Mais la pendule marquait cinq heures de l’après-midi. Et Thérèse, après avoir mis la lettre dans sa poche, demanda son chapeau, donna congé à son domestique pour vingt-quatre heures, fit à sa fidèle vieille Catherine diverses recommandations particulières et monta en fiacre. Deux heures après, elle rentrait avec une petite femme mince, un peu voûtée et parfaitement voilée, dont le cocher même ne vit pas la figure. Elle s’enferma avec cette personne mystérieuse, et Catherine leur servit un petit dîner tout à fait succulent.

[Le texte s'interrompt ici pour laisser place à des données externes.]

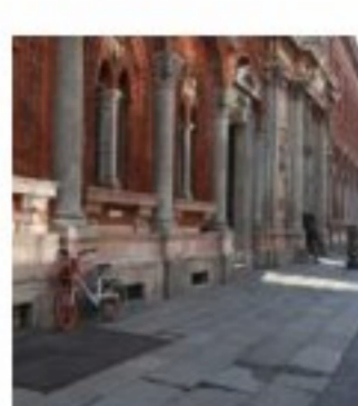
CRONACHE Coronavirus, scuole chiuse in tutta Italia fino al 15 marzo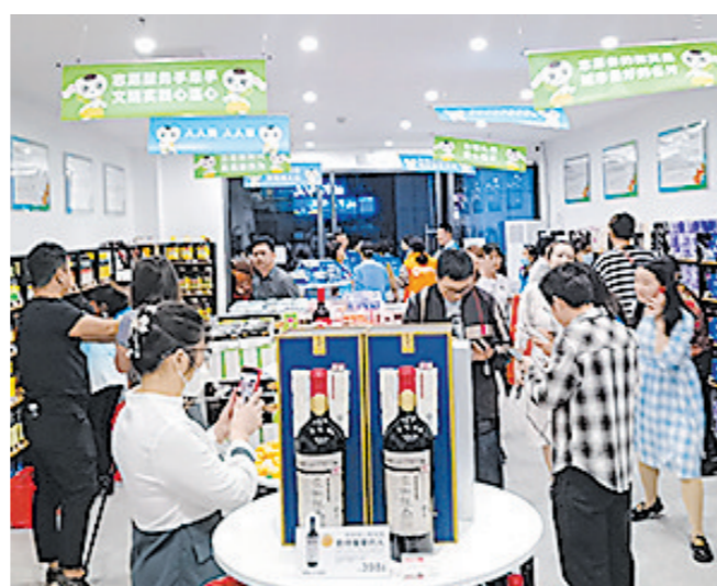
“城市有心屋”里宾客盈门。

日前,在株洲市天元区苏宁商业街上,新开张的“城市有心屋”宾客盈门。这是株洲市首家服务于志愿者的专属小屋,售卖米、油、纸、生活日化等商品,志愿者可以用“志愿积分”兑换这些商品。

Thérèse soignait et servait sa compagne, qui la regardait avec tant d’extase et d’ivresse, qu’elle ne pouvait pas manger.

De son côté, Laurent se disposait à la partie de plaisir annoncée ; mais, quand le prince D… vint le prendre avec sa voiture, Laurent lui dit qu’une affaire imprévue le retenait encore deux heures à Paris, et qu’il le rejoindrait à sa maison de campagne dans la soirée.

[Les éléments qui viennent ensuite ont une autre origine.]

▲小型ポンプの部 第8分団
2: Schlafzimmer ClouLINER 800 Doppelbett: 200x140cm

Laurent n’avait pourtant aucune affaire. Il s’était habillé avec une hâte fiévreuse. Il s’était fait coiffer avec un soin particulier. Et puis il avait jeté son habit sur un fauteuil, et il avait passé ses mains dans les boucles trop symétriques de ses cheveux, sans songer pourtant à l’air qu’il pouvait avoir. Il se promenait dans son atelier tantôt vite, tantôt lentement. Quand le prince D… fut parti en lui faisant dix fois promettre de se hâter de partir lui-même, il courut sur l’escalier pour le prier de l’attendre et lui dire qu’il renonçait à toute affaire pour le suivre ; mais il ne le rappela point et passa dans sa chambre, où il se jeta sur son lit.

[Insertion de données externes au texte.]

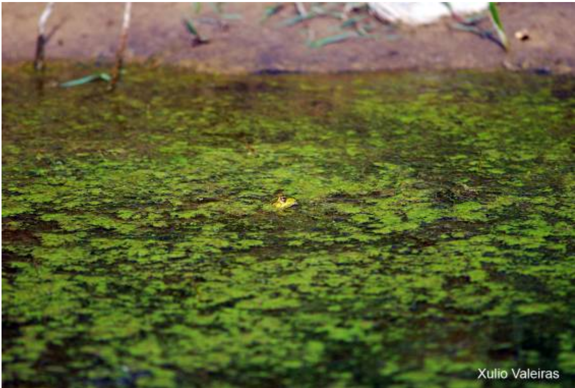
Rana verde ( Rana perezii ) entre la vegetación acuática en una charca en Cuchía.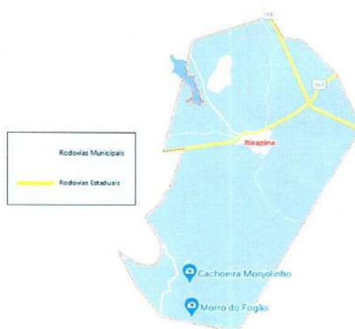
Figura 8 - Rodovias existentes no território municipal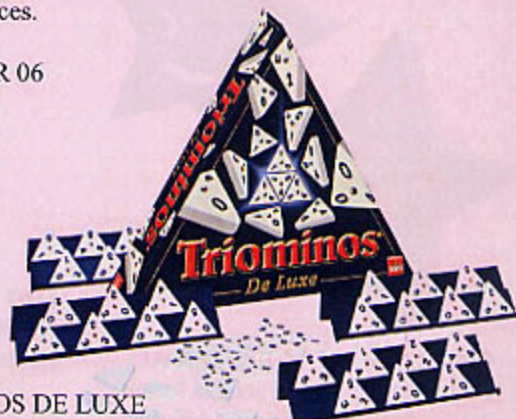
0887 TRIOMINOS DE LUXE Ce grand classique reprend le principe des dominos mais avec des pièces triangulaires ! Il vous faudra faire preuve de réflexion et de logique.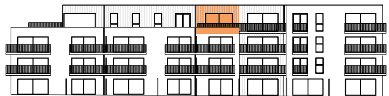
Gevel zuid- tuinzijde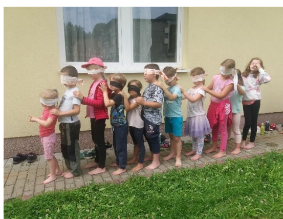
obr. 5 (zdroj vlastní, poznávání chutí poslepu), obr. 6 (zdroj vlastní, naboso poslepu)

— Pourquoi me ferme-t-elle sa porte pour deux jours ? Il y a quelque chose là-dessous ! Et, quand elle me donne rendez-vous pour le troisième jour, c’est afin de me faire rencontrer chez elle un Anglais ou un Américain que je ne connais pas ! Mais elle connaît, certainement, elle, ce Palmer, qu’elle appelle par son petit nom ! D’où vient alors qu’il m’a demandé son adresse ? Est-ce une feinte ? Pourquoi feindrait-elle avec moi ? Je ne suis pas l’amant de Thérèse, je n’ai aucun droit sur elle ! L’amant de Thérèse ! je ne le serai certainement jamais. Dieu m’en préserve ! une femme qui a cinq ans de plus que moi, peut-être davantage ! Qui sait l’âge d’une femme, et de celle-là précisément, dont personne ne sait rien ? Un passé si mystérieux doit couvrir quelque énorme sottise, peut-être une honte bien conditionnée. Et avec cela, elle est prude, ou dévote, ou philosophe, qui peut savoir ? Elle parle de tout avec une impartialité, ou une tolérance, ou un détachement… Sait-on ce qu’elle croit, ce qu’elle ne croit pas, ce qu’elle veut, ce qu’elle aime, et si seulement elle est capable d’aimer ?

Mercourt, un jeune critique, ami de Laurent, entra chez lui.

— Je sais, lui dit-il, que vous partez pour Montmorency. Aussi je ne fais qu’entrer et sortir pour vous demander une adresse, celle de mademoiselle Jacques.

Laurent tressaillit.

— Et que diable voulez-vous à mademoiselle Jacques ? répondit-il en faisant semblant de chercher du papier pour rouler une cigarette.

— Moi ? Rien… c’est-à-dire si ! Je voudrais bien la connaître ; mais je ne la connais que de vue et de réputation. C’est pour une personne qui veut se faire peindre que je demande son adresse.

— Vous la connaissez de vue, mademoiselle Jacques ?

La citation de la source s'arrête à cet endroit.